The state contends that Artemis, formed in December 1992, was created by Credit Lyonnais solely to conceal from U.S. regulators the bank’s role in the Executive Life deal.

In testimony Wednesday, Garamendi said that in 1991 he made it clear to the French investors that state law prohibited foreign banks from owning insurance companies. Documents introduced in court showed he was aware that Credit Lyonnais had loans to the investors group, but Garamendi testified his legal advisors signed off on that issue.

“We were told that money was not ownership or control,” Garamendi said. “It was a loan.”

Attorneys for Pinault argued that Garamendi knew all along that Credit Lyonnais was behind the French investors, but chose to ignore that fact because theirs was the higher bid. Their offer also achieved what the attorneys contend was Garamendi’s goal of separating the then-foundering junk bond portfolio from Executive Life’s insurance business, which the commissioner denies.
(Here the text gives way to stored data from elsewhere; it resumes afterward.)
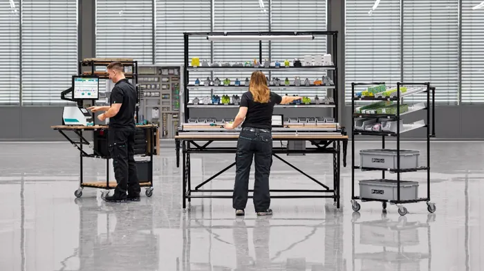 项目推车功能多样,便于生产操作。推车可用于调试和运输。此外,推车可作为组装工作站的临时扩展存储区,从而确保整洁和高效率。项目推车采用模块化设计,可根据特定需要灵活调整。通过人体工学设计和兼容料盒及开放式料仓,推车实现了便捷装卸,应用更广泛。依托导轮和实用把手,满载下的推车仍然可以轻松移动。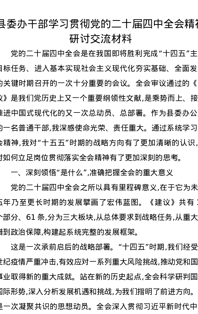 县委办干部学习贯彻党的二十届四中全会精神研讨交流发言材料
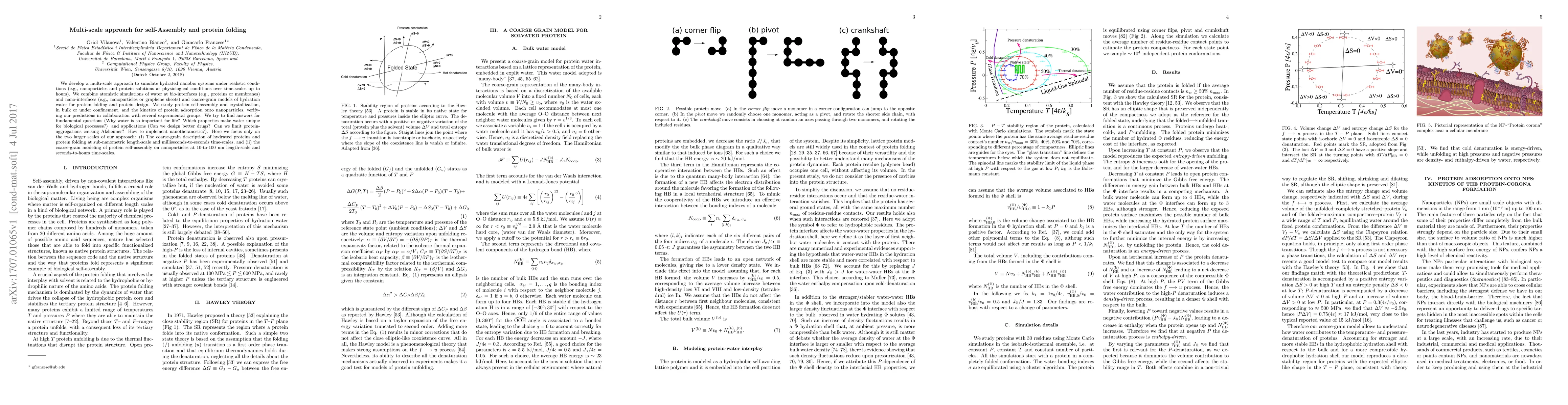 We develop a multi-scale approach to simulate hydrated nanobio systems under realistic condi- tions (e.g., nanoparticles and protein solutions at physiological conditions over time-scales up to hours). We combine atomistic simulations of water at bio-interfaces (e.g., proteins or membranes) and nano-interfaces (e.g., nanoparticles or graphene sheets) and coarse-grain models of hydration water for protein folding and protein design. We study protein self-assembly and crystallization, in bulk or under confinement, and the kinetics of protein adsorption onto nanoparticles, verify- ing our predictions in collaboration with several experimental groups. We try to find answers for fundamental questions (Why water is so important for life? Which properties make water unique for biological processes?) and applications (Can we design better drugs? Can we limit protein- aggregations causing Alzheimer? How to implement nanotheranostic?). Here we focus only on the two larger scales of our approach: (i) The coarse-grain description of hydrated proteins and protein folding at sub-nanometric length-scale and milliseconds-to-seconds time-scales, and (ii) the coarse-grain modeling of protein self-assembly on nanoparticles at 10-to-100 nm length-scale and seconds-to-hours time-scales.

Garamendi sold the junk bonds to the investor group for $3.25 billion, while Executive Life’s portfolio of insurance polices were sold to a French insurance company. The investors ended up reaping billions of dollars in profit when the junk-bond market recovered.

Pinault’s attorneys have argued that Artemis acquired the bonds from the French investor group, and thus the company should not be included in litigation stemming from Garamendi’s original sale of Executive Life’s assets.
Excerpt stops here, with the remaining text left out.